Since the listing below shows pictures, leave them out and write out exactly the lines from the line with "Studio moderne et" to the line with "Brustwarzenpiercing Barbell Kristall", both included, and no others.

**Supplied records**
****
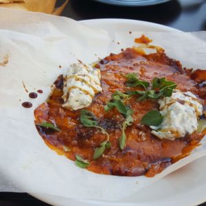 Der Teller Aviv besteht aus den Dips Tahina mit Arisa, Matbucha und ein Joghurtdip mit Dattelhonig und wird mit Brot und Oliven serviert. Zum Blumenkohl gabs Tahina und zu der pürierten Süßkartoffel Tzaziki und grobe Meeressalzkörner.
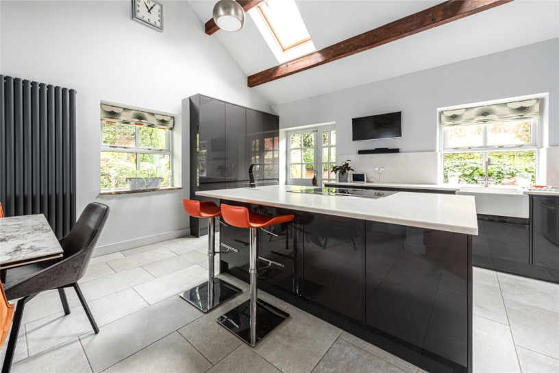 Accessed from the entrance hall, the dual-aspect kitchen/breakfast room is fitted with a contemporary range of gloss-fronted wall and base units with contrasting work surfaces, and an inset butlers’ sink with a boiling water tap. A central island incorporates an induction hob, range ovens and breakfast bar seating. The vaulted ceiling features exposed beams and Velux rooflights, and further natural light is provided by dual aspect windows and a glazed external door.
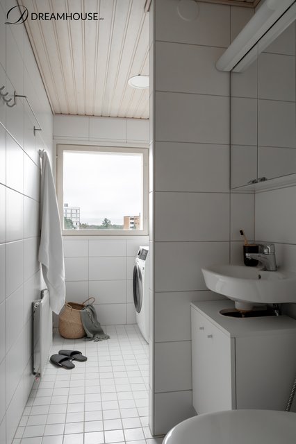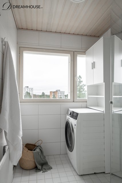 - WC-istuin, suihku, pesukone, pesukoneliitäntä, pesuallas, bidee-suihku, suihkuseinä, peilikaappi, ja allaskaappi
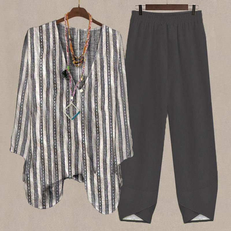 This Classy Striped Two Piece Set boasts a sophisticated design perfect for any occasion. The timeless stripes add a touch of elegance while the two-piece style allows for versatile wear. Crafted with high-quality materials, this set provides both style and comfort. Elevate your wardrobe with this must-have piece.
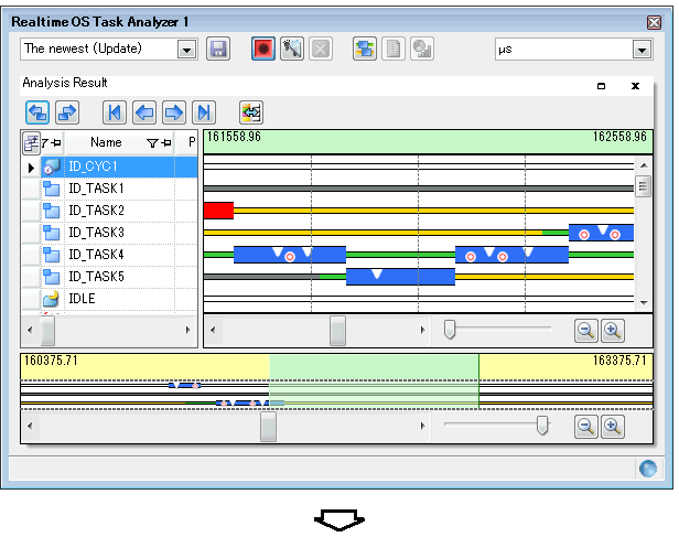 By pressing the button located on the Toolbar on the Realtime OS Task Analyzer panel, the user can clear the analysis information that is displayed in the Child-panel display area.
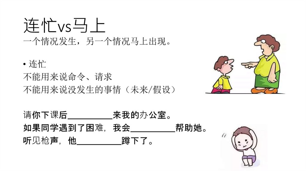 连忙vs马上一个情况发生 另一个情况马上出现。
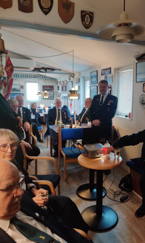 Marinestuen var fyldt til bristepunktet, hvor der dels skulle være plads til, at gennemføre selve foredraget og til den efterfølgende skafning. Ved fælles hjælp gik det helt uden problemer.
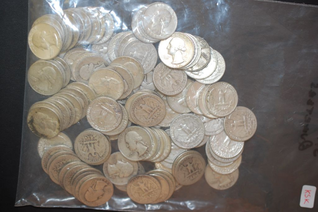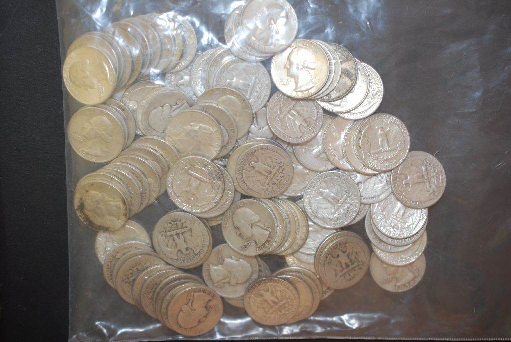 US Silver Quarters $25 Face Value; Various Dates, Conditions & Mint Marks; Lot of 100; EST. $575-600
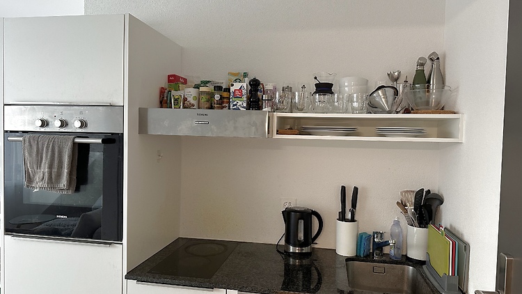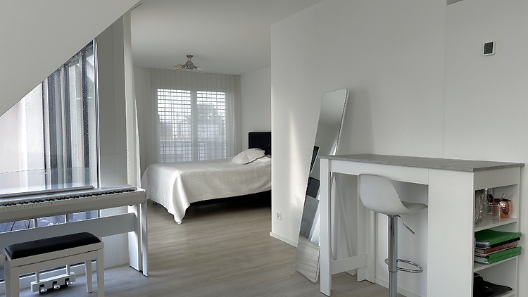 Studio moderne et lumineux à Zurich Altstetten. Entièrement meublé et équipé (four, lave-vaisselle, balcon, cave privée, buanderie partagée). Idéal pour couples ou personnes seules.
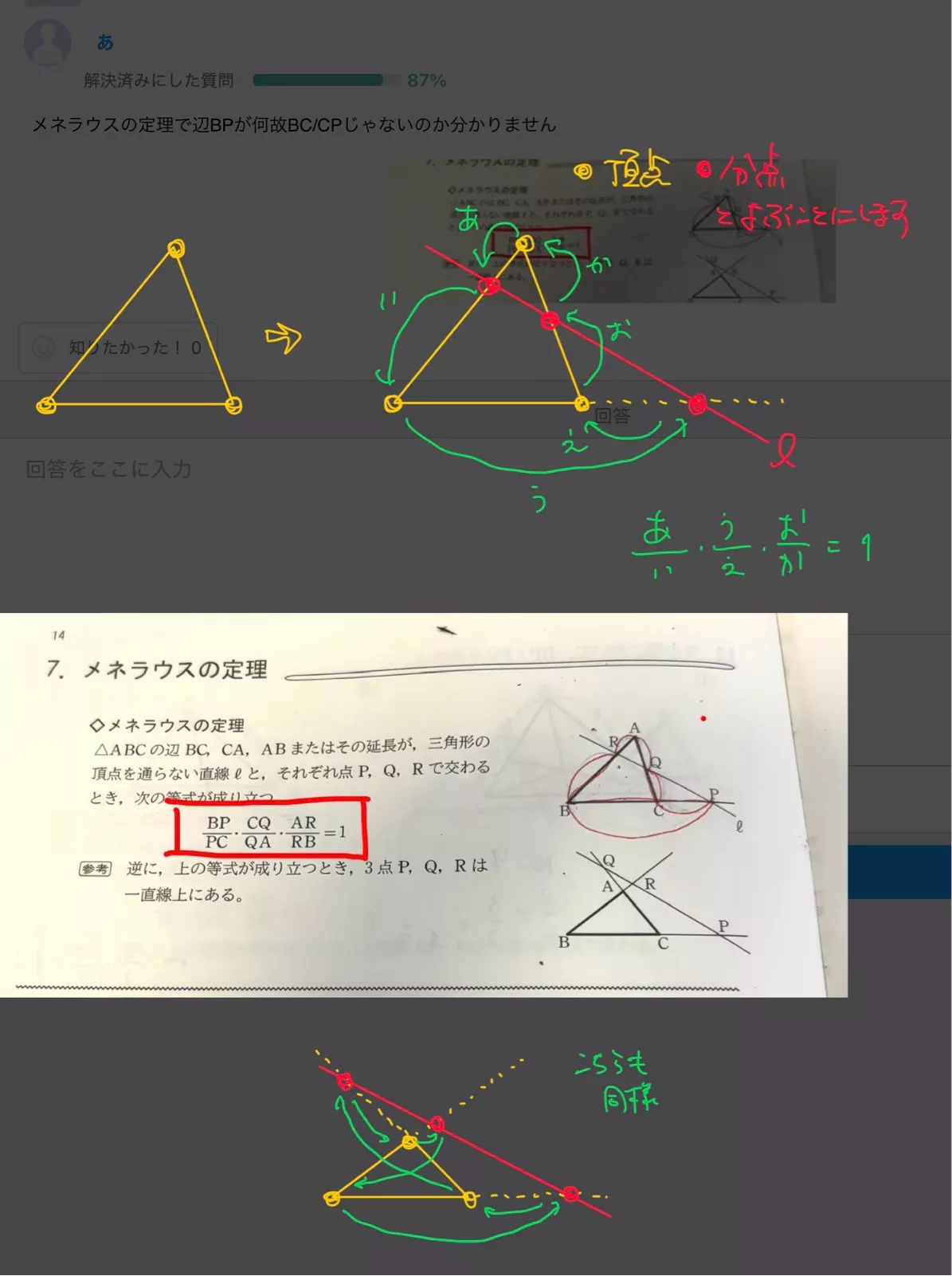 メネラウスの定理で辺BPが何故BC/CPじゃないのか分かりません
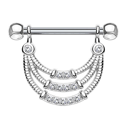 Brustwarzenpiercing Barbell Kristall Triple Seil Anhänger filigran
****
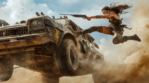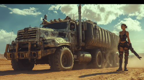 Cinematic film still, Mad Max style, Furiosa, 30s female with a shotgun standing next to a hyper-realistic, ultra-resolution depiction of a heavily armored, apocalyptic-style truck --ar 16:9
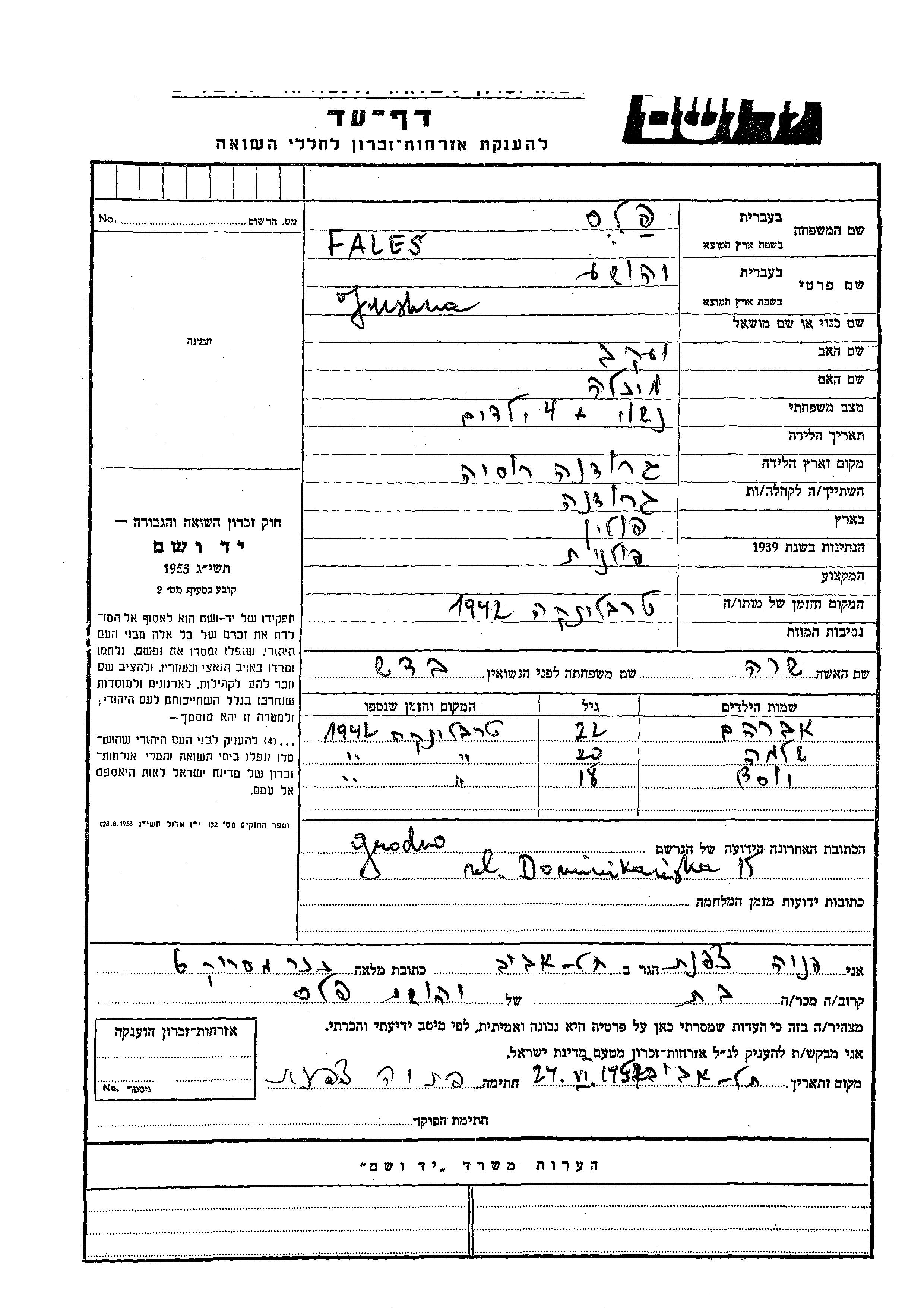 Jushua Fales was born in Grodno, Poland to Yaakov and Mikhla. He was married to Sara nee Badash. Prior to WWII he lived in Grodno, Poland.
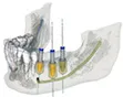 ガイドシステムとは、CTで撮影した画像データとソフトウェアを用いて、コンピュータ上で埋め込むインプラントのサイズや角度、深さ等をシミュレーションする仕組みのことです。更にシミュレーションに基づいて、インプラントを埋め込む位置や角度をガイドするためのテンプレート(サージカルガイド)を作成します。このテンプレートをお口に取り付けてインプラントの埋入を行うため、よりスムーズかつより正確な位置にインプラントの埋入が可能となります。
****
**Task answer**
 Studio moderne et lumineux à Zurich Altstetten. Entièrement meublé et équipé (four, lave-vaisselle, balcon, cave privée, buanderie partagée). Idéal pour couples ou personnes seules.
 メネラウスの定理で辺BPが何故BC/CPじゃないのか分かりません
 Brustwarzenpiercing Barbell Kristall Triple Seil Anhänger filigran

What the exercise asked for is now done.